Comment How-to: Active/Active iSCSI + VMware (Part 1) - 01/20/10

As promised earlier, here is the first installment of the how-to.  Before we get going to far, this series of how-to’s has the following disclaimers

  • A basic knowledge of Linux is assumed.  I’ll provide the commands to perform certain activities, but I’ll assume you know how to get a basic Linux install going
  • This how-to is written with CentOS 5.4 in mind – any distro will do, but you may need to modify some commands to make it happen.
  • This how-to uses virtual machines and is the result of proofing out the concept.  I’m sure that when I build the final servers – I’ll fine tune it a bit more (which will result in an addendum to the how-to :) )
  • This how-to will be done in a progressive fashion, each part will layer another level functionality of onto the configuration.

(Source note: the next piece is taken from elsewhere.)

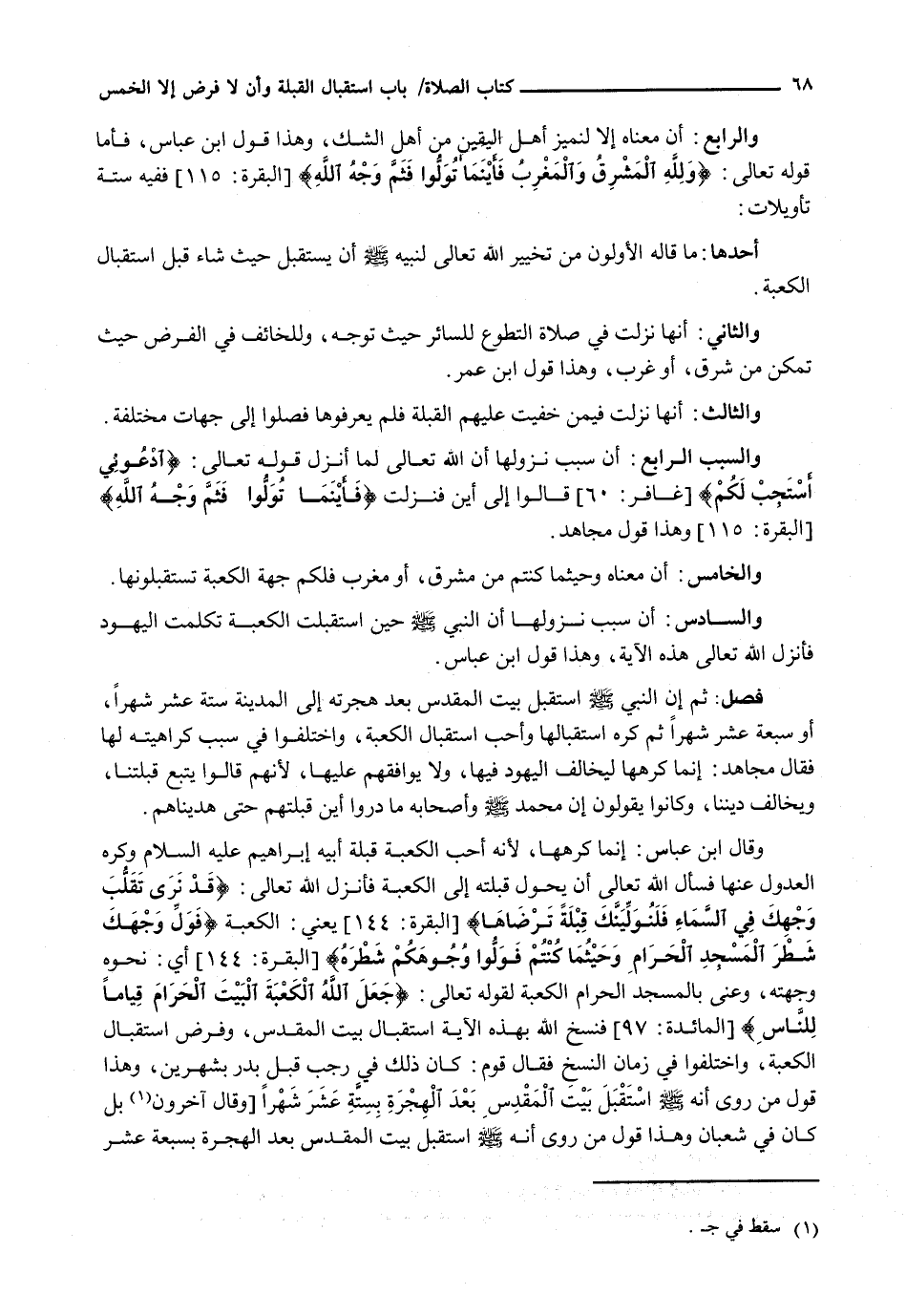 وَقَالَ ابْنُ عَبَّاسٍ: إِنَّمَا كَرِهَهَا، لِأَنَّهُ أَحَبَّ الْكَعْبَةَ قِبْلَةَ أَبِيهِ إِبْرَاهِيمَ عَلَيْهِ السَّلَامُ وَكَرِهَ الْعُدُولَ عَنْهَا فَسَأَلَ اللَّهَ تَعَالَى أَنْ يُحَوِّلَ قِبْلَتَهُ إِلَى الْكَعْبَةِ فَأَنْزَلَ اللَّهُ تَعَالَى: {قَدْ نَرَى تَقَلُّبَ وَجْهِكَ فِي السَّمَاءِ فَلَنُوَلِّيَنَّكَ قِبْلَةً تَرْضَاهَا} [البقرة: 144] يَعْنِي: الْكَعْبَةَ {فَوَلِّ وَجْهَكَ شَطْرَ المسجد الحرام وحيثما كُنْتُمْ فَوَلُّوا وُجُوهَكُمْ شَطْرَهُ} [البقرة: 144] أَيْ: نَحْوَهُ وَجِهَتَهُ، وَعَنَى بِالْمَسْجِدِ الْحَرَامِ الْكَعْبَةَ لِقَوْلِهِ تَعَالَى: {جَعَلَ اللَّهُ الْكَعْبَةَ الْبَيْتَ الْحَرَامَ قِيَامًا لِلنَّاسِ} [المائدة: 97] فَنَسَخَ اللَّهُ بِهَذِهِ الْآيَةِ اسْتِقْبَالَ بَيْتِ الْمَقْدِسِ، وَفَرَضَ اسْتِقْبَالَ الْكَعْبَةِ، وَاخْتَلَفُوا فِي زَمَانِ النَّسْخِ فَقَالَ قَوْمٌ: كَانَ ذَلِكَ فِي رَجَبٍ قَبْلَ بَدْرٍ بِشَهْرَيْنِ، وَهَذَا قَوْلُ مَنْ رَوَى أنه - صَلَّى اللَّهُ عَلَيْهِ وَسَلَّم َ - اسْتَقْبَلَ بَيْتَ الْمَقْدِسِ بَعْدَ الْهِجْرَةِ بِسِتَّةَ عَشَرَ شَهْرًا [وَقَالَ آخَرُونَ بَلْ كَانَ فِي شَعْبَانَ وَهَذَا قَوْلُ مَنْ رَوَى أَنَّهُ - صَلَّى اللَّهُ عَلَيْهِ وَسَلَّم َ - اسْتَقْبَلَ بَيْتَ الْمَقْدِسِ بَعْدَ الْهِجْرَةِ بِسَبْعَةَ عَشَرَ

In Part 1 of the how-to, we will complete the create of two Virtual Machines, install Linux, VMtools, needed storage space, and required software.  At the end of this part, you will have two functional virtual machines that will replicate storage between themselves in a Primary/Secondary fashion, and you will be able to share out the LUN from the primary node via iSCSI.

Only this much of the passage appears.